Intellectual Content

Again, the seemingly ancient special effects boundaries of 1990 severely impact the degree to which the ultimately eldritch aspects of Pennywise can be explored aesthetically.  What makes it into the miniseries is mostly dialogue that lightly, sporadically touches upon the supernatural nature of Derry's scourge, a being that the young Bill says has to give itself a physical form to feed, meaning it would otherwise be immaterial--something related to what one of the children initially thinks (assumes) is impossible, confusing empirical probability or reality with the even more fundamental logical possibility.  The deadlights from within It, inducing a catatonic or "insane" state of mind, do not visually radiate the Lovecraftian elements that they conceptually entail.

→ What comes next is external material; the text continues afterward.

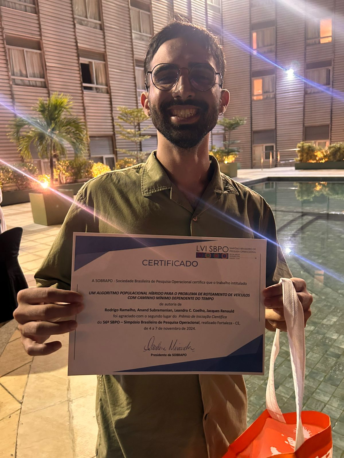 No âmbito nacional, a pesquisa intitulada “Um algoritmo populacional híbrido para o problema de roteamento de veículos com caminho mínimo dependente de tempo” obteve o segundo lugar no LVI (56°) Simpósio Brasileiro de Pesquisa Operacional (SBPO), promovido pela Sociedade Brasileira de Pesquisa Operacional (Sobrapo). O evento foi realizado entre os dias 5 e 8 de novembro, em Fortaleza.

Likewise, the spider form of It in the final confrontation, which is supposed to be the closest thing that humans can perceive to Pennywise's core physical "form," pales in comparison to the book's ending that, together with the ending of the novel Revival, suggests there are multiple Pennywise-type beings that have spider-like manifestations in Stephen King's multiverse, with Mother being far more objectively worthy of terror than It.  In a smaller manner, the miniseries does still include bouts of bizarre sensory experiences that brush up against how much of what the senses perceive in everyday life is already absolutely involuntary, arbitrary, and unverifiable beyond the veil of subjectivity (as opposed to logical necessities about the senses or what would or would not follow from certain ideas about the material world).  It just utilized them less effectively than the more recent adaptation.


Conclusion

Falling far short of the wild nature of its literary source material and the greatly heightened quality of the 2017/2019 cinematic reboot, the 1990's miniseries of It is very abbreviated, leaving out core parts of lore from the books.  This would not be particularly bad, or negative at all, if the story threads that were incorporated did not tend to be minimally explored.  The very hit or miss acting only makes the plot execution stumble all the more, whether with the child cast or their adult counterparts.  The deadlights and the Lovecraftian nature of Pennywise call for more than what this now decades-old series could offer.  In its best moments, the calm warmth or desperation of the Loser's Club is what stands out as sincere and competent.


Content:
 1.  Violence:  Most violence is implied or takes place offscreen, such as with Georgie losing his arm to Pennywise, but some blows are shown in non-graphic manner.
 2.  Profanity:  "Damn" and "bastard" are infrequently used.